The thing they were most grateful for was someone to share their loneliness without judgment. They stroked each other’s hair in bed, sometimes laughed, sometimes cried. The world, closed to lonely people, opened up again like a flower: the HOV lane on the highway. Two-for-one admissions. Full-sized gallons of milk. The woman had missed the movies after the husband left, felt too ashamed to go by herself. Now she and the Other went to matinees, split swimming pool-sized Cokes and popcorns. They always thought the same previews looked good. They always laughed at the same jokes.

Pulling out of the parking lot one evening, the Other said, “This is actually better than it used to be.”

The woman looked over, stunned. “How can you say that?” she said.

The Other shrugged, uncomfortably. “He never liked the same movies I did. We did,” she said.

“Well, yeah,” the woman said. “But then we could talk about it afterward. We could debate.”

“And he always spent the whole movie hitting our arm and saying, who’s that actress? I know I’ve seen her in something, what did I see her in?”

The woman shifted in her seat, looked out the window.

“I’m just saying,” the Other said. “It’s not so bad now.”

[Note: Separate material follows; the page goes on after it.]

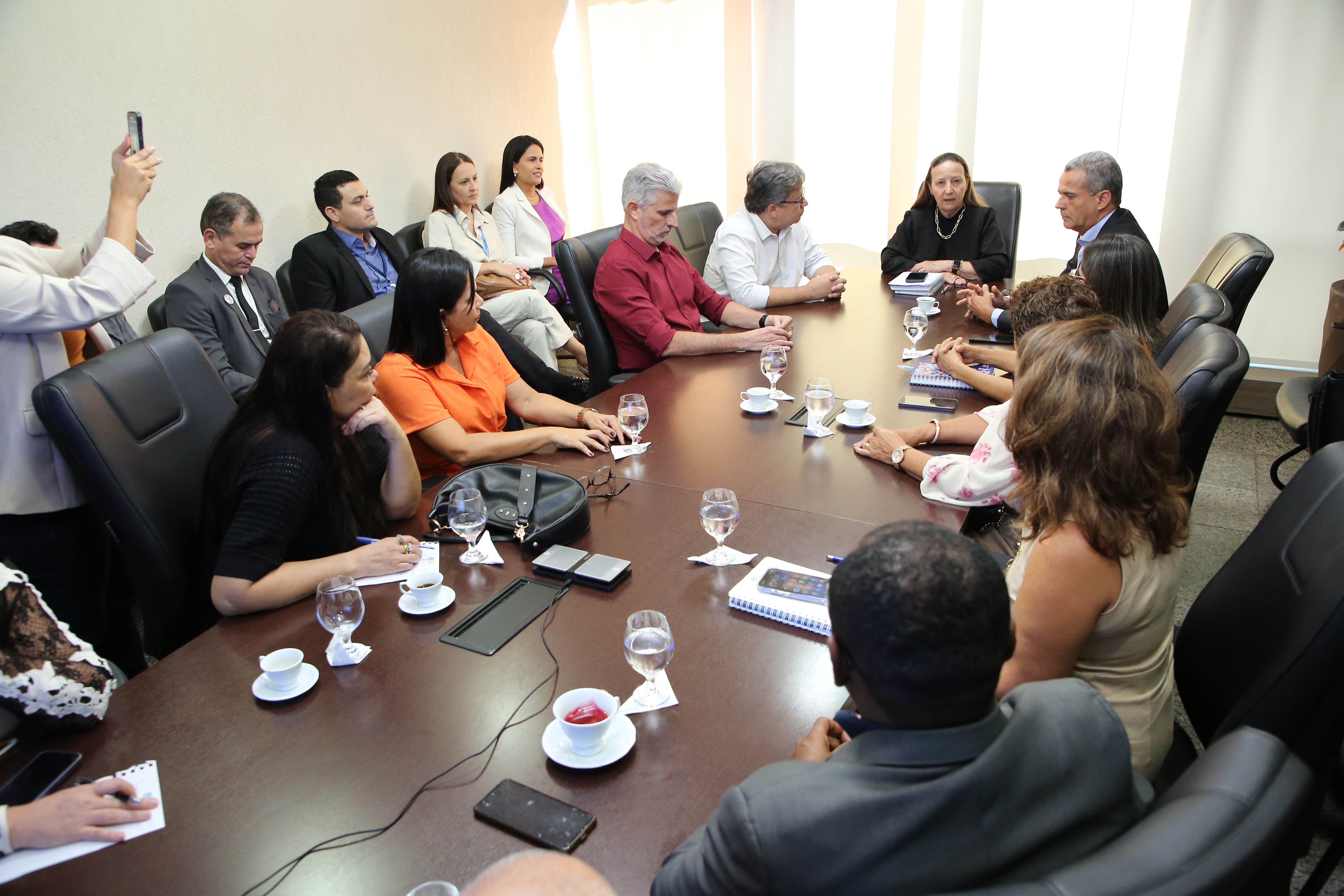 Elias Oliveira Fotografia aberta de uma reunião de grupo em torno de uma mesa grande, com várias pessoas sentadas em cadeiras, em uma sala.

The light turned yellow and the Other slowed to a stop. It was out of consideration for the woman. Her nervousness which had been consuming everything lately. She checked the locks three times before leaving the house, flinched when lighting the stove. The week before, coming home from the bank, they’d seen a car hurtle through a red light and T-bone a lavender minivan, and the woman had cried all afternoon, imagining: those poor kids. That poor mother. The Other checked beneath the car for them in dark parking lots. Tested the bathwater before they climbed in.

“Don’t be mad,” the Other said. The light turned green and lit her hair marine. “I’m just trying to look on the bright side.”

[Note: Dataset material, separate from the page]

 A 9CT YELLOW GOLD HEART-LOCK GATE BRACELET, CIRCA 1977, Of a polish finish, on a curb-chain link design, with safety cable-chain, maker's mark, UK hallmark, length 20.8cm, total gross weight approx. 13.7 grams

The woman chewed her salt-shriveled lips, glaring at her reflection in the rearview mirror as they slowly accelerated toward home.

The woman came in late from work one evening, stomping the cold out of her toes. “God, I hate him,” she announced. “What an idiot.”

She had been parked in the driveway for twenty minutes, trying to decide if she should call her (ex)husband. She had become embarrassed doing these things in the house: pausing over the phone, checking her e-mail incessantly. Her stomach ached with the pressure of shrinking from her own scrutiny.

The Other was draped over the arm of the couch, reading Crime and Punishment with one eye closed. The house was warm, smelled richly of coffee and take-out Chinese. The woman had always wanted to read Crime and Punishment. She was dimly happy to see that one of her was finally doing it.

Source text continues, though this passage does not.